*Exercise data:*
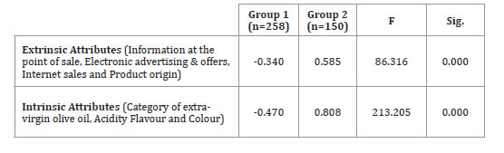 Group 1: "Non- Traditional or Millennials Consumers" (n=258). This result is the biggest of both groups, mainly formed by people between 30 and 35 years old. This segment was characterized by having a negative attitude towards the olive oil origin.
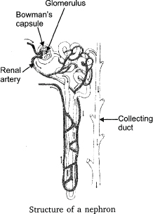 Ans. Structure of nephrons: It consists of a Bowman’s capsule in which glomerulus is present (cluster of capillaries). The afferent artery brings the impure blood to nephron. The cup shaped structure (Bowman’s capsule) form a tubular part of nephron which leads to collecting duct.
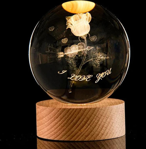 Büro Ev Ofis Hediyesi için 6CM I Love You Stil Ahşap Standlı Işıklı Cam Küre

---

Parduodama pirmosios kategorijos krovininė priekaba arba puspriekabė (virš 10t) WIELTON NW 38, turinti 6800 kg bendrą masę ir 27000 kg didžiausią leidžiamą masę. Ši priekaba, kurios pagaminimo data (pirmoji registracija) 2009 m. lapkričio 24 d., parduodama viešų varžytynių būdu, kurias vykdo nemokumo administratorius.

*Your instructions:*
Excluding any pictures, print exactly the lines of the listing above from the line with "olive oil origin." to the line with "Büro Ev Ofis", both ends included.

*Solution for this exercise:*
 Group 1: "Non- Traditional or Millennials Consumers" (n=258). This result is the biggest of both groups, mainly formed by people between 30 and 35 years old. This segment was characterized by having a negative attitude towards the olive oil origin.
 Ans. Structure of nephrons: It consists of a Bowman’s capsule in which glomerulus is present (cluster of capillaries). The afferent artery brings the impure blood to nephron. The cup shaped structure (Bowman’s capsule) form a tubular part of nephron which leads to collecting duct.
 Büro Ev Ofis Hediyesi için 6CM I Love You Stil Ahşap Standlı Işıklı Cam Küre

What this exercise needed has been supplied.